Rather than submit to Rome, they ate their dead. When that was not enough, they set their city ablaze and took their own lives, entire families together. The fall of Numantia in the summer of 133 BC was the culmination of a twenty-year humiliation for the Roman Republic, a conflict in which the mightiest military power in the ancient world repeatedly failed to subdue a single Celtiberian hilltop city in what is now the province of Soria, Spain. It took Scipio Aemilianus Africanus, the man who had destroyed Carthage, to finally end the resistance -- and even he could not defeat Numantia in battle. He had to starve it to death.

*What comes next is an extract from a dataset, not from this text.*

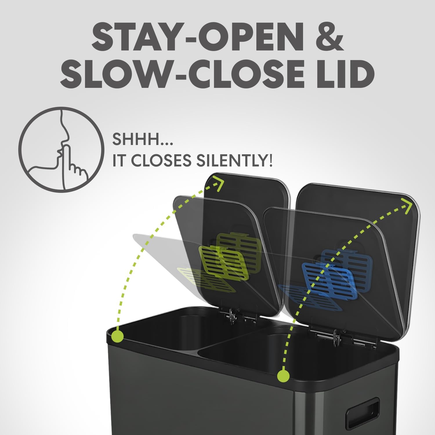 • Soft-Close Lid with Stay-Open Lock - The single lid closes slowly and quietly to reduce noise and prevent slamming. A built-in lid lock keeps the bin open for longer tasks like cooking, cleaning, or changing liners.

The Numantine War was the third of the Celtiberian Wars, erupting in 143 BC when the indigenous peoples of Hispania Citerior rose against Roman expansion. For a decade, Rome sent general after general against Numantia, the principal city of the Celtiberian resistance. Each failed. The city was not large, but its defenders fought with a ferocity that Roman historians themselves acknowledged and admired. Morale among the Roman troops stationed in Iberia was terrible; the prospect of plunder was low, and the Celtiberians had proven their willingness to fight to the last. By 135 BC, the Roman Senate was desperate enough to reappoint Scipio Aemilianus, the hero of the Third Punic War, and send him to Hispania with a mandate to finish what lesser commanders could not.

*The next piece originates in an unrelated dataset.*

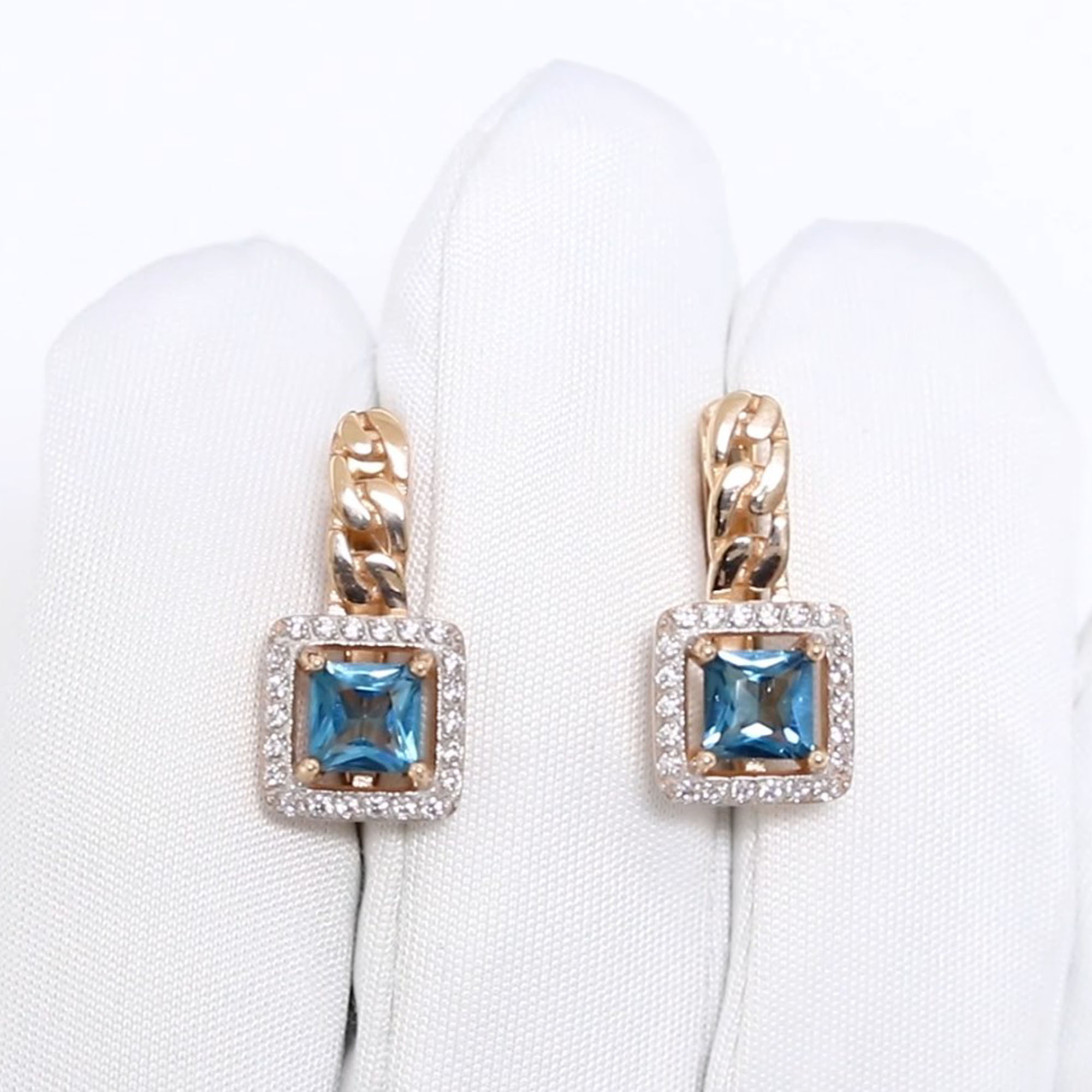 Золотые серьги Александра с фианитом и Лондон топазом кл4614а-28ск

Scipio arrived with 20,000 Roman troops and 40,000 allied and mercenary soldiers, including Numidian cavalry and twelve war elephants led by the young Jugurtha, who would later become a formidable enemy of Rome himself. But Scipio had no intention of storming the city. He planned to encircle it and let hunger do what swords could not. His army built a double wall of circumvallation around Numantia, punctuated by seven towers from which archers could fire into the city from ten feet above ground. He dammed a nearby swamp to create a lake between the city walls and his own fortifications, then engineered the blockade of the Duero River by stringing cables fitted with blades across the water at the points where it entered and exited the city, preventing boats or swimmers from passing.
Desperation drove the Numantines to attempt breakouts. Their greatest warrior, Rhetogenes, led a small band of men down the river past the Roman blockade in one of the siege's most daring episodes. He reached the Arevaci tribe first, but his pleas for help were ignored. At Lutia, the young men rallied to his cause, but the tribal elders betrayed them, warning Scipio of the alliance. The Roman general marched from Numantia, arrested 400 Lutian youths, and had their hands cut off as punishment. It was a brutal message to any tribe considering intervention: Rome would not merely defeat its enemies but mutilate them as a warning. After Scipio returned, the Numantine leader Avarus attempted negotiations, but the path to any compromise had long since closed.
When Numantia's first ambassadors asked for liberty in exchange for surrender, Scipio refused. The ambassadors were killed upon their return by their own people, who believed they had secretly bargained with Rome. Starvation consumed the city. Cannibalism followed. Families began taking their own lives together. When the surviving population finally surrendered, they did so only after setting their city on fire. Scipio had the ruins leveled. The story of Numantia became a touchstone for Spanish identity, celebrated as a symbol of resistance against overwhelming force. Miguel de Cervantes, author of Don Quixote, wrote the play La Numancia about the siege, his most acclaimed dramatic work. Three ships of the Spanish Navy have carried the name Numancia. In 2017, Spain marked the 2,150th anniversary of the siege with a national commemoration, honoring the people who chose annihilation over submission.
Located at 41.81N, 2.44W near modern Garray in the province of Soria, north-central Spain. The archaeological site of Numantia occupies a hill at the confluence of the Duero and Merdancho rivers, with the outlines of the Roman siege works still partially visible in the landscape from aerial perspectives. The terrain is high meseta, sparse and semi-arid. Nearest airport is Soria (not ICAO-coded; small). Valladolid (LEVD) approximately 200 km west. Recommended viewing altitude: 3,000-5,000 feet AGL to see the confluence of rivers and traces of Roman earthworks.